U.S. Army intelligence discovered in early June that an estimated 150 Afghan fighting men had reached Iraq through Aden international airport from Mogadishu, Somalia. They are stationed in northern Iraq, training Iraqi and pro-Iraqi Kurdish tribesmen in commando combat tactics. It is not known if the imported Afghans are members of the special Islamic unit that guards Afghanistan’s ruling Taliban leaders and institutions, or a contingent especially trained for service in Iraq by Osama bin Laden’s instructors.

The transfer to Iraq of fighting men possibly associated with Bin Laden sent alarm bells clanging in Washington, reports Debka.

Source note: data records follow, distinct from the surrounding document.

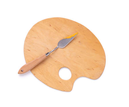 Palette knife for art painting isolated on white background. Palette and knife for oil painting
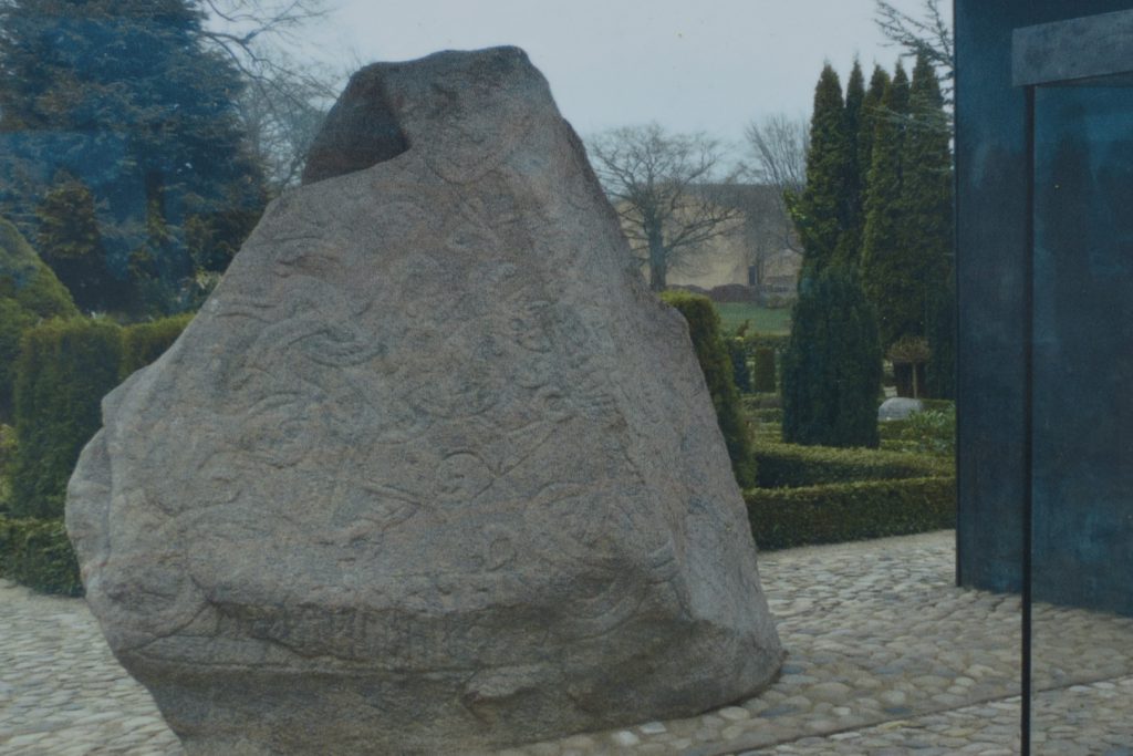 Nadat we ons hebben opgefrist gaan we fietsen richting Jelling. Daar gaan we de Runenstenen van Jelling bekijken. Nu staat hij in een groot vitrine ter bescherming van mensen handen en de lucht. De rune inscripties van 20 jaar geleden zijn bijna niet meer te zien (foto 1, 2 + 3). Het schijnt dat de steen het grootste monument is uit de Vikings tijd.
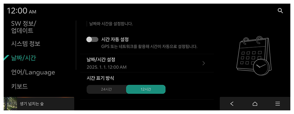 시스템 시간 표기 방식을 설정할 수 있습니다.
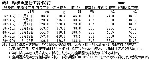 表4 球根重量と生育・開花 2002

Franks asked Salah to explain the transit of weapons and combat forces through Yemen to Iraq. He also asked him to relay a final U.S. warning to Hussein: Either he halts his menacing military moves along Iraq’s Syrian and Jordanian frontiers, removes Iraqi contingents from both countries and withdraws from involvement in Middle East terrorism, or else American military punishment will rain down on his head and on the Iraqi army.

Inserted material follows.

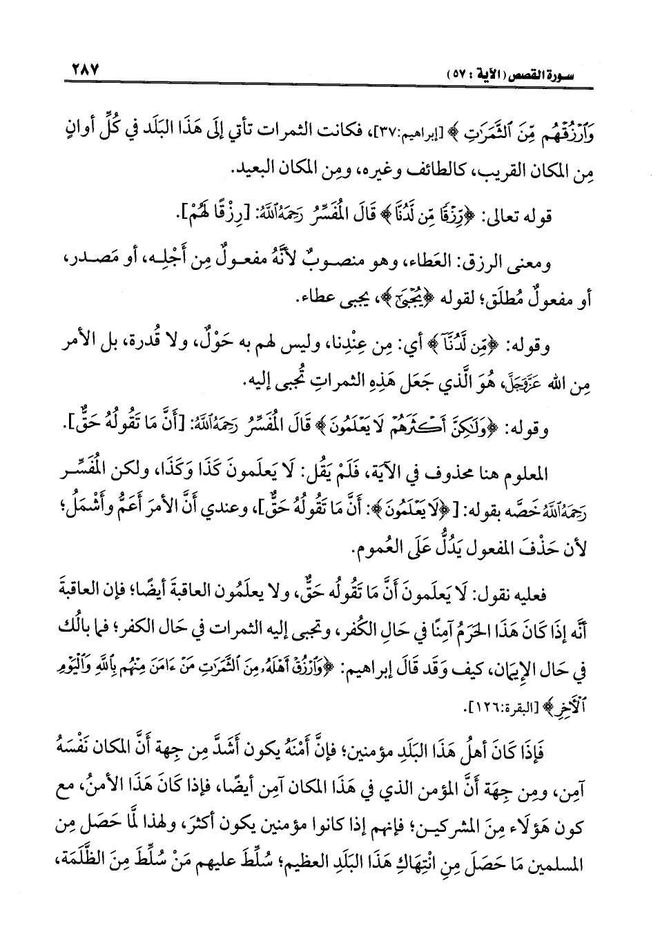 فعليه نقول: لَا يَعلَمونَ أَنَّ مَا تَقُولُه حَقٌّ، ولا يعلَمُون العاقبةَ أيضًا؛ فإن العاقبةَ أنَّه إذَا كَانَ هَذَا الحرَمُ آمِنًا في حَالِ الكُفر، وتجبى إليه الثمرات في حَال الكفر؛ فما بالُك في حَال الإِيمَان، كيف وَقَد قَالَ إبراهيم: {وَارْزُقْ أَهْلَهُ مِنَ الثَّمَرَاتِ مَنْ آمَنَ مِنْهُمْ بِاللَّهِ وَالْيَوْمِ الْآخِرِ} [البقرة: ١٢٦].

From Aden, Franks headed for Amman. According to Debka sources, he presented Jordanian leaders with the following intelligence data:

  • Aerial photos taken by a US F-16 which took off from Turkey’s Incerlik air base on August 15, entered Syrian airspace and remained over the Syrian-Jordanian border region for 23 minutes. The photos showed evidence of an Iraq troop presences in Al Malikiyeh and Qaratshuk in northern Syria and Khatunayeh in northeast Syria. An Iraqi armored command showed up in Khatunayeh.
  • American CIA and military intelligence have found Iraqi intelligence agents infiltrating groups of young Jordanian officers and turning them against the Hashemite rulers. They are creating a dangerous breeding ground for pro-Iraqi plots to overthrow the king.
  • Iraqi military intelligence operatives in Jordan have begun recruiting and forming into secret combat cells members of the 800,000-strong Iraqi workforce in Jordan, many of whom are either jobless or earn a pittance of $30 a month.
  • With presumed Iraqi encouragement, Syria has begun pumping Lebanese Hezbollah guerrillas into Jordan, with large sums of money in their pockets to pay for the recruitment, training and arming of antiroyalist fighters, mainly in the Amman and Irbid regions. Their first missions are to carry out terrorist attacks against Israeli factories in those regions of Jordan. After Irbid, the intruders will turn their attention to national strategic facilities, like power stations, water works and phosphate production in the south.
  • The U.S. delegation and Jordanian leaders reportedly agreed that a U.S. Marines brigade would be dispatched to secure the triangular wedge enclosed by the Jordanian, Syrian and Iraqi frontiers and arrest the creeping Iraqi military advance into the kingdom and Syria. Basing Marines in Jordan would also fit in with U.S. preparations for a military expedition against Saddam Hussein. The U.S. force is due to arrive in the kingdom in the coming days.

    Franks’ next stop was Cairo, where he landed last Saturday for a discussion of the forthcoming U.S. operation against Iraq with Egyptian defense minister Gen. Tantawi and Egyptian army chiefs. Both the Jordanian and the Egyptian army chiefs received a strong impression of U.S. determination. Should Iraq invoke its secret defense treaties with Syria and move air, armored and missile units across the frontier, the United States will not hesitate to bombard them, meaning that an American offensive against Iraq may well reach into north Syria.